Activity: Would you transcribe each entry exactly as it stands, omitting the pictures?

Data supplied:
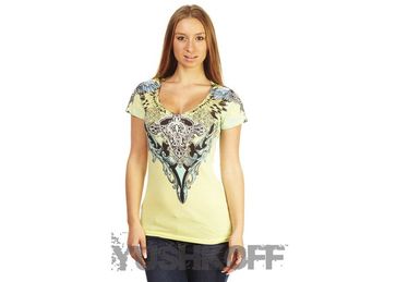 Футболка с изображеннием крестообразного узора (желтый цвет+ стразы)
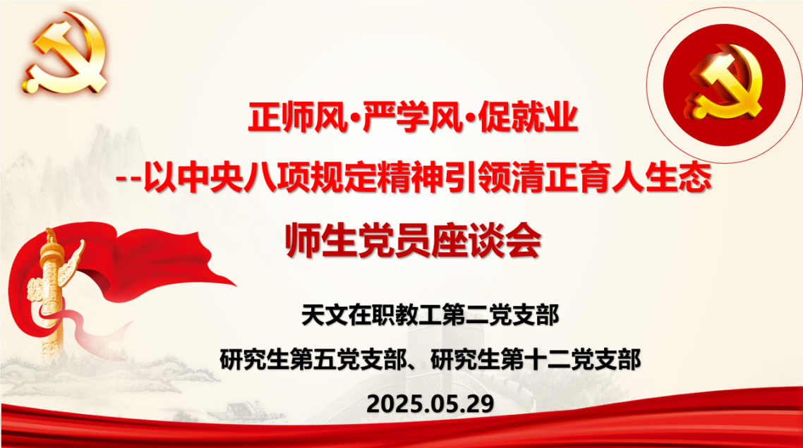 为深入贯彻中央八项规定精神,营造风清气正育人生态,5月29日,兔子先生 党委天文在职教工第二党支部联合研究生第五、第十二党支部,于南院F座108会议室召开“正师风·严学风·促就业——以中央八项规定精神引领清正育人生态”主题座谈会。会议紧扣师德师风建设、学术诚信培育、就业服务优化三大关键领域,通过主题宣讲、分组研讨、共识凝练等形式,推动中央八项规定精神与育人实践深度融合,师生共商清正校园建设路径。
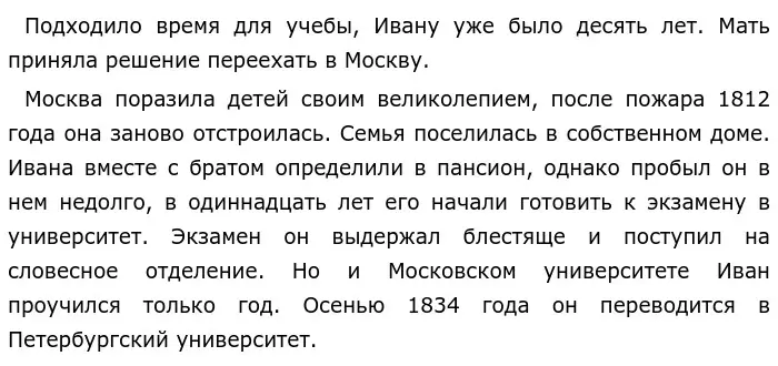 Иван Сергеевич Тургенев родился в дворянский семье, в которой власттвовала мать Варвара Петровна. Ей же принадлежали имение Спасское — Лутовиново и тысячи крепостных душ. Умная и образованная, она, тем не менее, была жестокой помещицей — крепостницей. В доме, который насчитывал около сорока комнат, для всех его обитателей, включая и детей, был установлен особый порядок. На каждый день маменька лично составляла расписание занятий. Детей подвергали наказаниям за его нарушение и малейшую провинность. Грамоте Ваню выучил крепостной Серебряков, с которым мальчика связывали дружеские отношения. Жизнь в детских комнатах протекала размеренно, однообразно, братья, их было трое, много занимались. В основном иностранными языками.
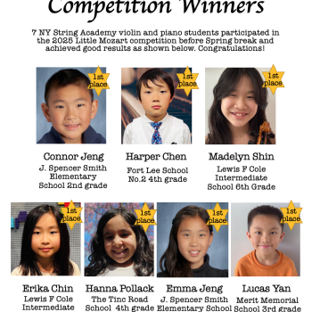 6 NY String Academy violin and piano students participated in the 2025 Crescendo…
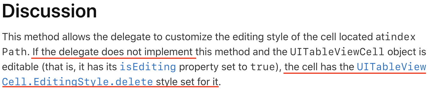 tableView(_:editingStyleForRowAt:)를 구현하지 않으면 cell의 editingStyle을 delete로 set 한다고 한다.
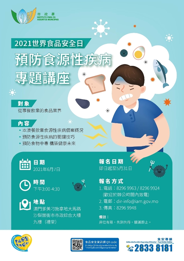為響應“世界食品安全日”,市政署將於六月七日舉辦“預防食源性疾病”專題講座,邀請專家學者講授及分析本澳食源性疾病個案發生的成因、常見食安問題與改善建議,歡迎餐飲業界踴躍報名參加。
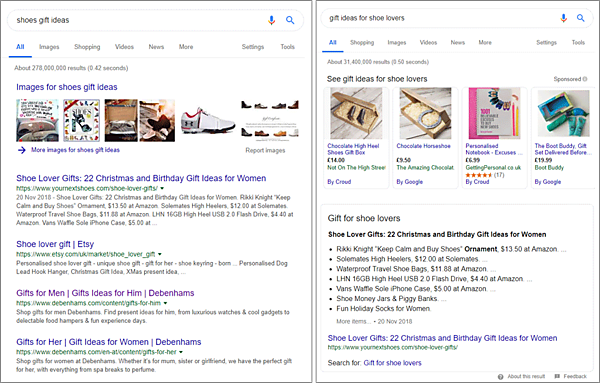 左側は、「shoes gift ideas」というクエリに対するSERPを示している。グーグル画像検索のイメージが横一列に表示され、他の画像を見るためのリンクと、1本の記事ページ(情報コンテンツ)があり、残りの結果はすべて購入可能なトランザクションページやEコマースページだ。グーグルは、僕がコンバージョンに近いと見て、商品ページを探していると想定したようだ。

Reply:
 Футболка с изображеннием крестообразного узора (желтый цвет+ стразы)
 为深入贯彻中央八项规定精神,营造风清气正育人生态,5月29日,兔子先生 党委天文在职教工第二党支部联合研究生第五、第十二党支部,于南院F座108会议室召开“正师风·严学风·促就业——以中央八项规定精神引领清正育人生态”主题座谈会。会议紧扣师德师风建设、学术诚信培育、就业服务优化三大关键领域,通过主题宣讲、分组研讨、共识凝练等形式,推动中央八项规定精神与育人实践深度融合,师生共商清正校园建设路径。
 Иван Сергеевич Тургенев родился в дворянский семье, в которой власттвовала мать Варвара Петровна. Ей же принадлежали имение Спасское — Лутовиново и тысячи крепостных душ. Умная и образованная, она, тем не менее, была жестокой помещицей — крепостницей. В доме, который насчитывал около сорока комнат, для всех его обитателей, включая и детей, был установлен особый порядок. На каждый день маменька лично составляла расписание занятий. Детей подвергали наказаниям за его нарушение и малейшую провинность. Грамоте Ваню выучил крепостной Серебряков, с которым мальчика связывали дружеские отношения. Жизнь в детских комнатах протекала размеренно, однообразно, братья, их было трое, много занимались. В основном иностранными языками.
 6 NY String Academy violin and piano students participated in the 2025 Crescendo…
 tableView(_:editingStyleForRowAt:)를 구현하지 않으면 cell의 editingStyle을 delete로 set 한다고 한다.
為響應“世界食品安全日”,市政署將於六月七日舉辦“預防食源性疾病”專題講座,邀請專家學者講授及分析本澳食源性疾病個案發生的成因、常見食安問題與改善建議,歡迎餐飲業界踴躍報名參加。
 左側は、「shoes gift ideas」というクエリに対するSERPを示している。グーグル画像検索のイメージが横一列に表示され、他の画像を見るためのリンクと、1本の記事ページ(情報コンテンツ)があり、残りの結果はすべて購入可能なトランザクションページやEコマースページだ。グーグルは、僕がコンバージョンに近いと見て、商品ページを探していると想定したようだ。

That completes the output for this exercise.